## Part 1: New York City 311 Data

A little setup - import some libraries, tweak the plot settings, and define the url where we'll pull our data from:

In [None]:
import pandas as pd

# Make the graphs a bit prettier, and bigger
import matplotlib.pyplot as plt
plt.style.use('ggplot')
plt.rcParams['figure.figsize'] = (15, 5)

data_base_url = "https://fw.cs.wwu.edu/~wehrwes/courses/data311_23w/lab1/data/"

Read in the dataset of 311 (citizen hotline - no relation to our course number) requests: 

In [None]:
complaints = pd.read_csv(f"{data_base_url}/311-service-requests.csv", dtype="unicode")

### Basic Selection

1.1 Display the first 8 rows of the dataframe.

1.2 Extract and display just the "Complaint Type" column.
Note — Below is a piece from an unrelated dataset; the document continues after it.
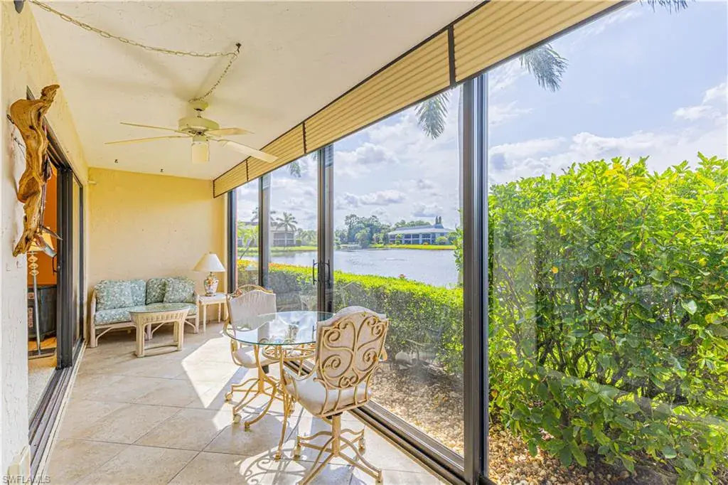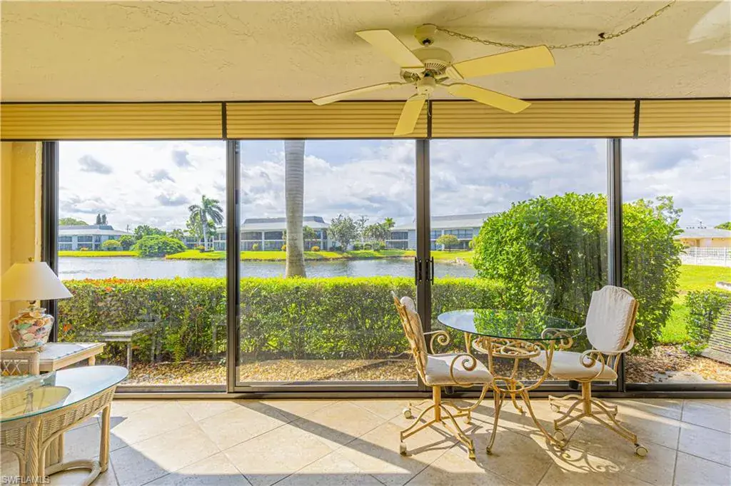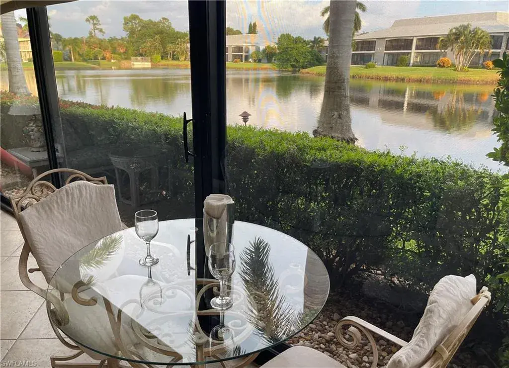 This desirable first floor condo offers fabulous views of the lake from the extended lanai and nearly every room! The condo is being sold Turnkey and has everything you will need to get started in your Paradise home! The lanai has sliders from the living space as well as impact resistant sliding doors and screens on the exterior of the lanai. This allows for extra protected living space as well as an opportunity to let the north-south breezes enter on cooler days. Additional outdoor space includes the extended patio with room for a bistro table and chairs. There is ample storage space in the customized kitchen, pantry and dry bar areas. The main living area is open-concept and spacious. The sizable owner’s suite has direct access to the lanai, and a lovely view of the lake. In addition, there is a large walk-in closet with an extensive organizational system. Nestled in a quiet neighborhood, Fountains II has beautiful grounds, a community pool and numerous social activities. In addition, the HOA covers cable and water! Fountains II is a 55+ community. The condo is conveniently located, with Hibiscus Golf Course across the street, and less than one mile to US 41 and the Shoppes at Hammock Cove with many conveniences. Fountains II is located just 5 miles to downtown Naples which is well known for the white sugar-sand beaches, fine dining and upscale shopping.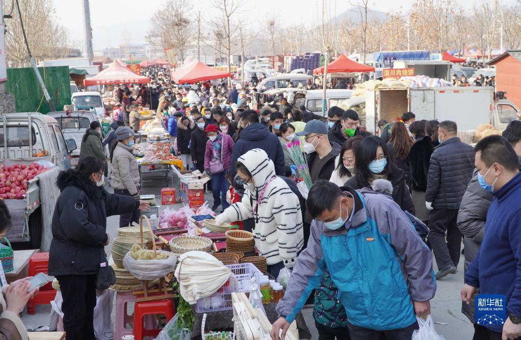 春节临近,山东省各地的农村大集呈现出红红火火的景象。人们在大集上购买商品、采办年货,感受农村大集特有的热闹气氛。

1.3 Combine the above two to get the first 5 rows of just the complaint type column. Does it matter which order you select them in?

1.4 Extract a DataFrame containing only the "Complaint Type" and "Borough" columns.

1.5 Display a tally of how many of each complaint type appears in the dataframe.

1.6 Make a bar plot showing the counts of the top 10 complaint types.

### Which borough has the most noise complaints?

1.7 Create a new Series that stores True if the complaint type is equal to "Noise - Street/Sidewalk", and False otherwise Assign it to a variable called `is_noise`.

1.8 Create a new DataFrame that contains only the noise complaints by indexing the `complaints` DataFrame with your `is_noise` Series.

1.9 Display a summary of the noise complaints; one call should tell you at a glance how many complaints there were, how many unique zip codes there were, and the most common Descriptor associated with noise complaints.

1.10 Display the count of noise complaints for each borough.

So it looks like Manhattan has the most noise complaints. Not too surprising! But Manhattan might also just have more complaints overall, so let's look at the *fraction* of complaints that were noise complaints.

### Which borough has the highest *fraction* of noise complaints?

1.11 Calculate the total count of complaints (of all types) for each borough. Store the result in `complaint_counts`.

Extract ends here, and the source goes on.